Given material =
# # # #

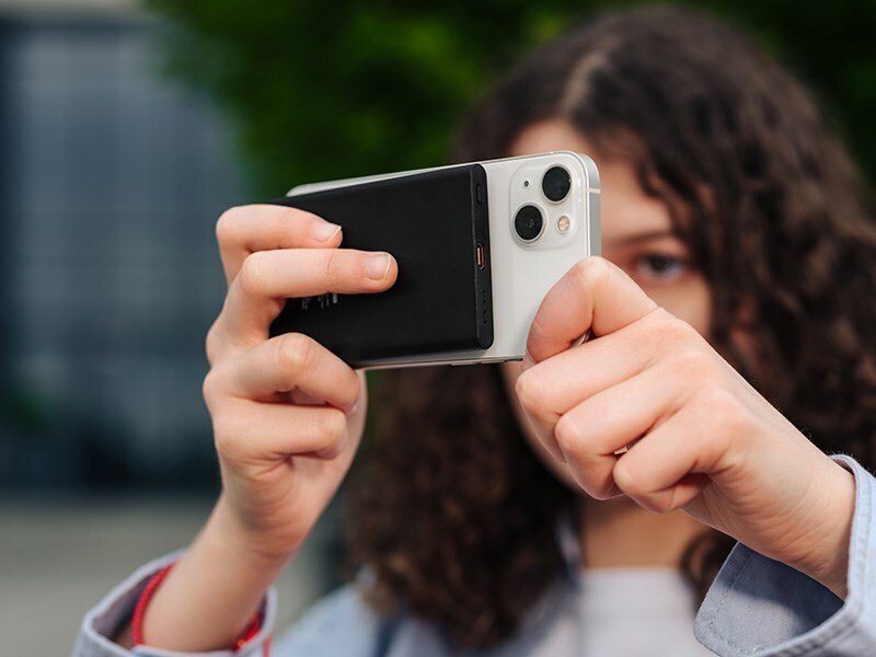 Επιπλέον, έχει τη δυνατότητα ασύρματης φόρτισης, ιδανική για συσκευές που υποστηρίζουν αυτή τη λειτουργία. Με την τεχνολογία MagSafe, μπορείς να τοποθετήσεις το power bank μαγνητικά πίσω από το iPhone 12 ή νεότερα μοντέλα και να το φορτίσεις χωρίς καλώδια, κάνοντάς το πολύ πρακτικό για καθημερινή χρήση.
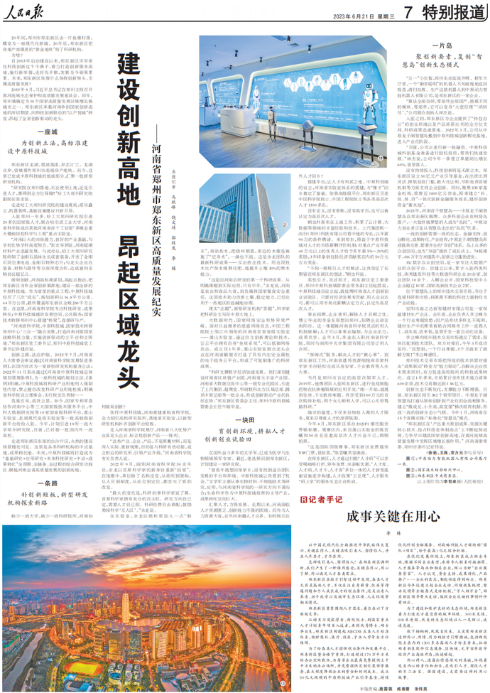 “鄭東新區在‘產出重大原創成果、突破關鍵核心技術、搶占科技競爭制高點’上不斷起勢成勢,力爭早日建成國家創新高地,在黃河流域高質量發展中發揮區域增長極作用。”?河南省委常委、鄭州市委書記安偉說。
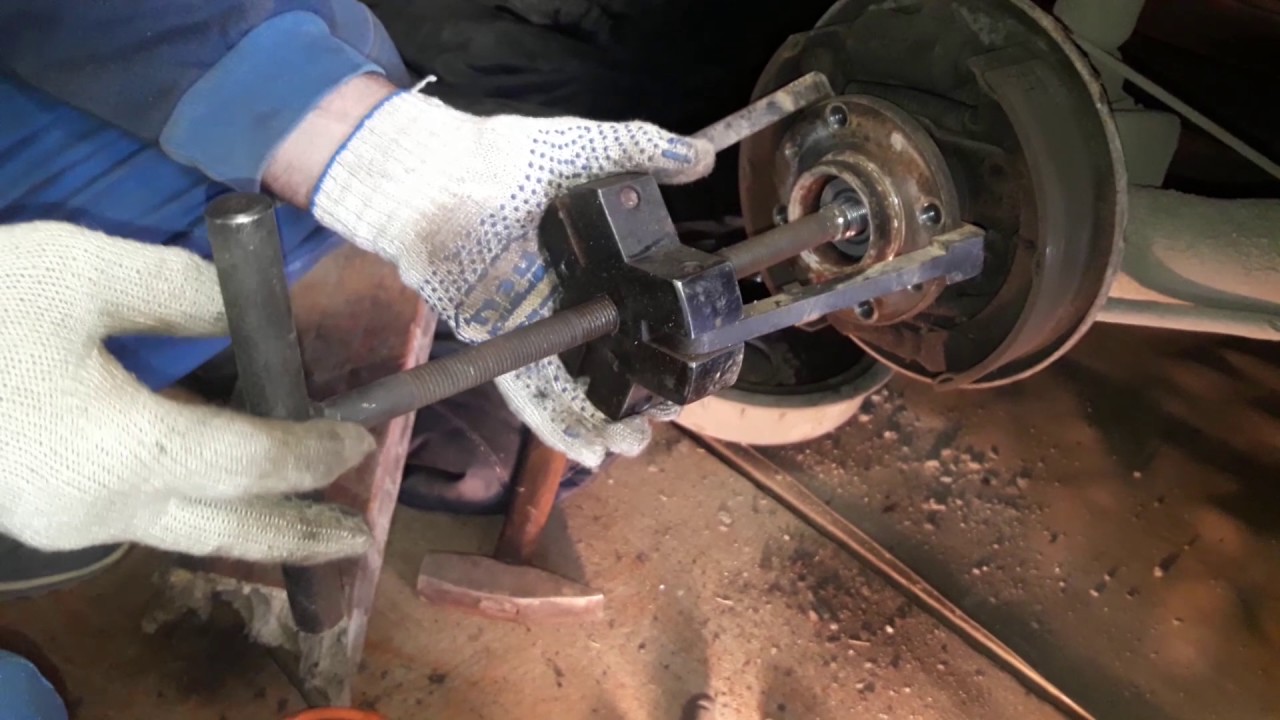 - Специальным съемником выпрессовываем подшипники со ступицы.

# # # #

Could you transcribe the material above exactly, keeping every picture out?

Answer to this exercise =
 Επιπλέον, έχει τη δυνατότητα ασύρματης φόρτισης, ιδανική για συσκευές που υποστηρίζουν αυτή τη λειτουργία. Με την τεχνολογία MagSafe, μπορείς να τοποθετήσεις το power bank μαγνητικά πίσω από το iPhone 12 ή νεότερα μοντέλα και να το φορτίσεις χωρίς καλώδια, κάνοντάς το πολύ πρακτικό για καθημερινή χρήση.
 “鄭東新區在‘產出重大原創成果、突破關鍵核心技術、搶占科技競爭制高點’上不斷起勢成勢,力爭早日建成國家創新高地,在黃河流域高質量發展中發揮區域增長極作用。”?河南省委常委、鄭州市委書記安偉說。
 - Специальным съемником выпрессовываем подшипники со ступицы.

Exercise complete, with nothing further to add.